For the professional desktop application scene, the GUI sensory and code generation capability of the big model of deep integration of the Hybrid-Agent smart body system achieves an autonomous one-clicking of the desktop-end professional application. Agent has been able to complete the full macOS native Stocks application of the high-level security engraving, covering the complete closed loop from demand understanding to delivery validation: Auto-interactive original application and understanding of UI layouts and functional details, automatic generation of SwiftUI source code based on interactive records, access to LongBridge Real-time API access to real-time market data, auto-compile construction and start-up of a double-off application, and final implementation of 10 functional validation tests - including real-time line loading, stock selection and switching, multi-cycle view switching, search filtering, detailed data panel display, etc. - all passed. The application of the final delivery is a complete replica of the original Stocks dark theme, column layout, real-time situational data and full interactive experience.

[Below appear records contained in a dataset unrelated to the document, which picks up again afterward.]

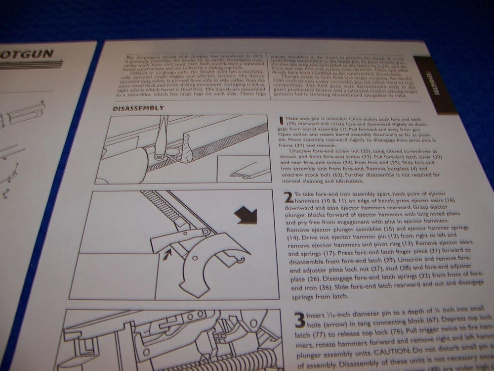 UP FOR SALE IS AN ORIGINAL PRINT 2-PAGE DRAWINGS ON ....... REMINGTON 3200 SHOTGUN (12 GA.) (2-PAGES) Page/s size: APROX: 8 1/2" X 11" SUBJECT: . REMINGTON 3200 SHOTGUN (12 GA.) . . . . .....PERFECT FOR FRAMING!!! AUTHOR/ARTIST: N/A YEAR: 2009 ORIGINAL PRINT SCALE: N/A ARTICLE FEATURES: EXPLODED VIEW WITH PARTS LEGEND (IF SHOWN)/DETAILS/MAGAZINE (IF APPLICABLE)/SHORT DISASSEMBLY INSTRUCTIONS CONDITION: GREAT-LIGHT COLORING(NORMAL)..NOTE: ** SOLD FOR 2-PAGES DRAWINGS/PROFILES ...ANY OTHER ARTICLE ON BACK OF DRAWINGS/ARTICLE ARE NOT REPRESENTED IN THIS AUCTION!*** (REMEMEBER THESE ARTICLES ARE EXTREMELY OLD AND RARE...SOME MAY HAVE SOME BORDER DISCOLORATION/SMALL EDGE CHIPS/PAGE DISCOLORATION)/BINDING CUTOUTS.....SEE CONDITION AND NOTES LISTED ABOVE AS TO EACH ARTICLE! **THESE ARE AIRCRAFT ARTICLES THAT HAVE BEEN EXTRACTED FROM VINTAGE MAGAZINES/ECT,.. AND ARE INDIVIDUAL PAGES OF EACH SUBJECT AND SOLD AS COMPLETE ARTICLES ON EACH SAID AIRCRAFT AS LISTED ABOVE!.. NOT SOLD AS A COMPLETE MAGAZINE or BOOKLET!!! **all articles are shipped flat on cardboard flat and mail flat in manila envelope to INSURE condition! ** I DO OFFER COMBINED SHIPPING ON MULTIPLE ITEMS PURCHASED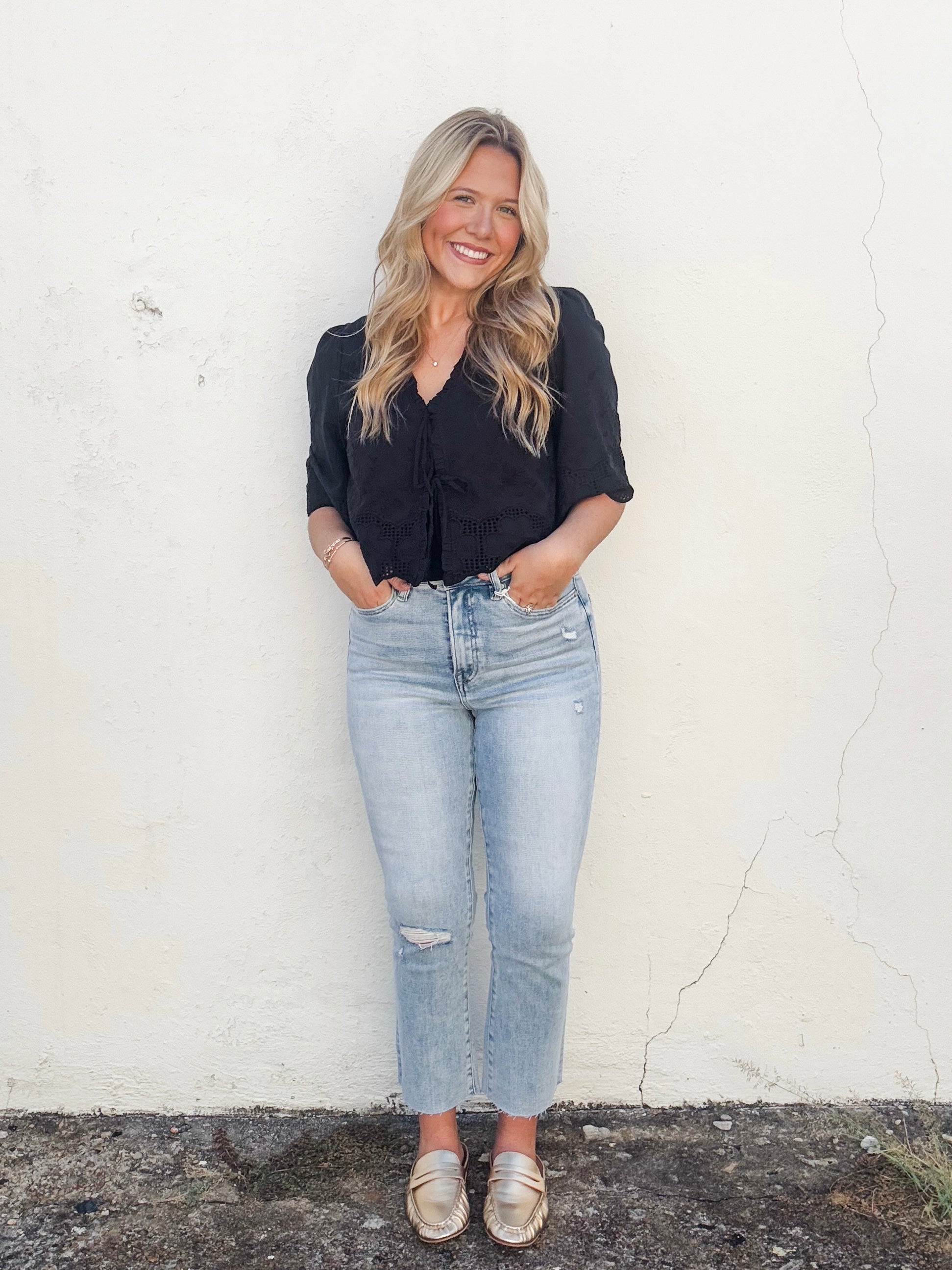 The Black Beauty Top combines delicate floral embroidery with a scalloped edge for a refined, feminine look. Its tie-front design and 3/4 flutter sleeves add playful elegance, while the relaxed fit ensures all-day comfort. Perfect for effortlessly stylish occasions, this blouse brings charm and ease to your wardrobe.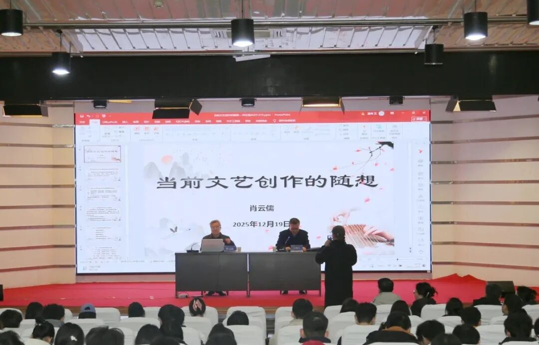 揭幕仪式结束后,素质大讲堂首场报告会随即开讲。肖云儒以“文艺创作的思考和实践”为主题,结合自身丰富的创作经历与深刻的理论感悟,为现场师生带来了一场兼具思想深度、文化底蕴与实践指导意义的精彩报告,引发师生广泛共鸣。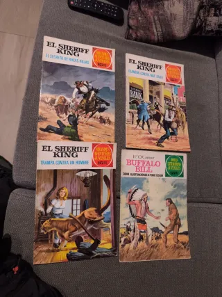Lote de 4 libros de aventuras del Oeste. - El Sheriff King: El Secreto de Rocas Rojas 21 - El Sheriff King: Clanton contra Mac Diver 14 - El Sheriff King: Trampa contra un hombre 28 - Buffalo Bill 29 joyas Literarias juveniles 1971 10€ la unidad.
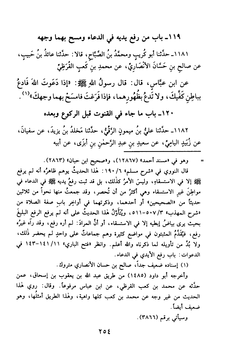 1181- حَدَّثَنَا أَبُو كُرَيْبٍ ، وَمُحَمَّدُ بْنُ الصَّبَّاحِ ، قَالاَ : حَدَّثَنَا عَائِذُ بْنُ حَبِيبٍ ، عَنْ صَالِحِ بْنِ حَسَّانَ الأَنْصَارِيِّ ، عَنْ مُحَمَّدِ بْنِ كَعْبٍ الْقُرَظِيِّ ، عَنِ ابْنِ عَبَّاسٍ ، قَالَ : قَالَ رَسُولُ اللهِ صَلَّى الله عَليْهِ وسَلَّمَ : إِذَا دَعَوْتَ اللَّهَ , فَادْعُ بِبَاطِنِ كَفَّيْكَ ، وَلاَ تَدْعُ بِظُهُورِهِمَا ، فَإِذَا فَرَغْتَ , فَامْسَحْ بِهِمَا وَجْهَكَ.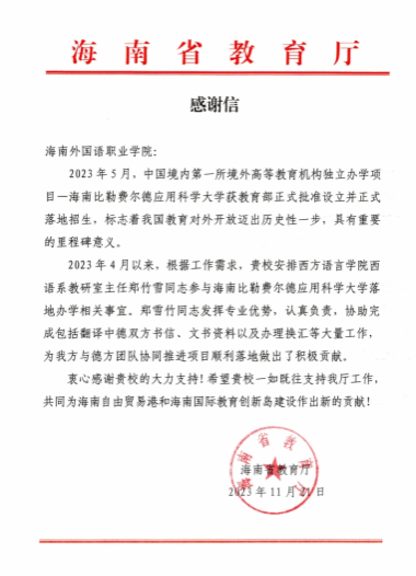 2023年5月,中国境内第一所境外高等教育机构独立办学项目——海南比勒费尔德应用科学大学正式落地招生。2023年4月以来,在海南比勒费尔德应用科学大学落地办学相关事宜办理期间,根据工作要求,开云官网选派西方语言学院西语系教研室主任郑竹雪老师参与协助处理有关事项,提供翻译中德双方书信、文书资料以及办理换汇等服务。郑竹雪老师以认真严谨的态度、专业周到的服务、无私奉献的精神,为海南比勒费尔德应用科学大学完成落地办学作出积极贡献,展现出过硬的专业水平和良好的业务素质,受到了省教育厅的高度肯定。省教育厅特发来感谢信,衷心感谢开云官网及郑竹雪老师的大力支持。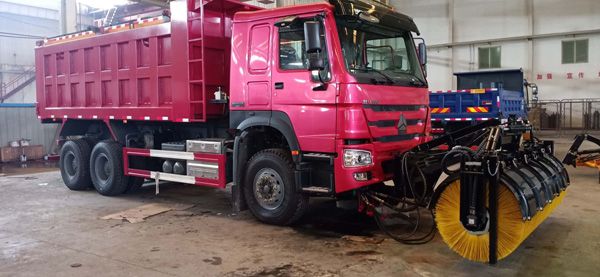 多功能除雪車是在ZZ3251M3649W型6*4自卸汽車的基礎(chǔ)上,加裝除雪裝置和融雪劑撒布裝置開發(fā)研制的集多種于一身的特種用途車輛,主要用于道路除雪、運(yùn)輸積雪、渣土(污泥)清運(yùn)等作業(yè),整車結(jié)構(gòu)布局合理,操作方便、簡單、鏟雪和拋灑融雪劑的作業(yè)效率高,調(diào)節(jié)范圍廣,特別適合于國內(nèi)外城市環(huán)衛(wèi)、公路、市政等部門使用。動力強(qiáng)勁、除雪效率高。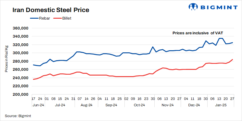 • Rebar prices increased by 2,000 rial/kg to 325,000 rial/kg on 27 Jan’25 as against 22 Jan.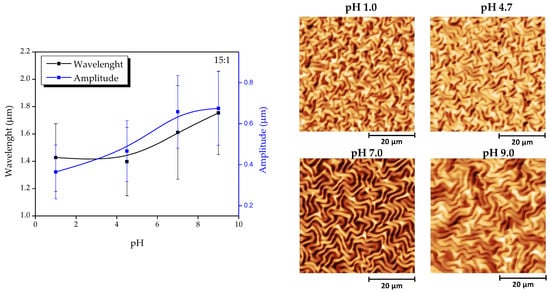 Finally, the pH response has not only an effect on the film thickness but also on the wrinkle characteristics, i.e., wavelength and amplitude. As depicted in Figure 8, both amplitude and wavelength increased with the pH. The changes observed are reversible upon changing the environmental pH. Interestingly, this system based on acrylic acid complements previous works in which the use of diethylaminoethyl methacrylate (DEAEMA) (thermal-pH responsive) allowed the preparation of wrinkles with lower wavelength and amplitude upon increasing the pH []. It is interesting to note that, in those previous works, the wavelength of the wrinkles formed remains clearly above 5 μm, while with this current approach, the wavelength has been significantly reduced to the range of 1.2–1.7 μm.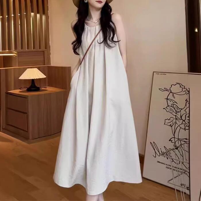 ふんわり優雅に揺れる、Aラインロングワンピースです。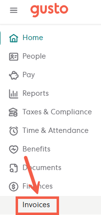 1 - In your Gusto Dashboard, select Finances from the left-hand sidebar.

Qwen3.7-Plus can act as a powerful visual agent, combining visual understanding with the use of tools to address complex visual tasks. Through code interpreter integration, it can analyse images to find different, patches, emancipation lanes, mazes, puzzles — the whole process is done by autonomous generation and implementation code. Combined with enhanced search, it is able to support monographs, multigraphs and video input based on web-based knowledge for multi-modular reasoning and answers to visual problems in the real world. And here's a few examples of Qwen 3.7-Plus' multimodular intelligence.

In multi-modular reasoning, we have introduced code enforcement to further enhance model reasoning, understanding the structure and constraints in the image, transforming visual problems into calculable questions, and then preparing and implementing code solvers, searches or validations on their own. For example, in the search for different tasks such as different, patches, Quakers, mazes and puzzles, models need not only to identify the image content, but also to perform space modelling, path search, status extrapolation and validation of results. These types of missions reflect the ability of Qwen 3.7-Plus to move from visual perception to procedural solvency.

Demonstration 1: Find the references

Presentation 2: Jigsaw

In the search for enhanced visual questions and answers to real world knowledge questions, Qwen 3.7-Plus can combine image, video or multi-chart input with web search. The model extracts key entities, scenes, text and context leads from visual input, then captures external knowledge through search and synthesizes visual evidence and retrieval results to give answers. This allows the model to deal with a large number of open-world issues, such as location identification, understanding of event background, analysis of commodity or object information, and answering visual questions that depend on the latest knowledge.

Presentation: Realworld VQA

Qwen 3.7-Plus shows a strong visual to code generation. It transforms images, videos, UI screenshots and design references into implementable codes, covering multiple scenarios from the SVG to the full web.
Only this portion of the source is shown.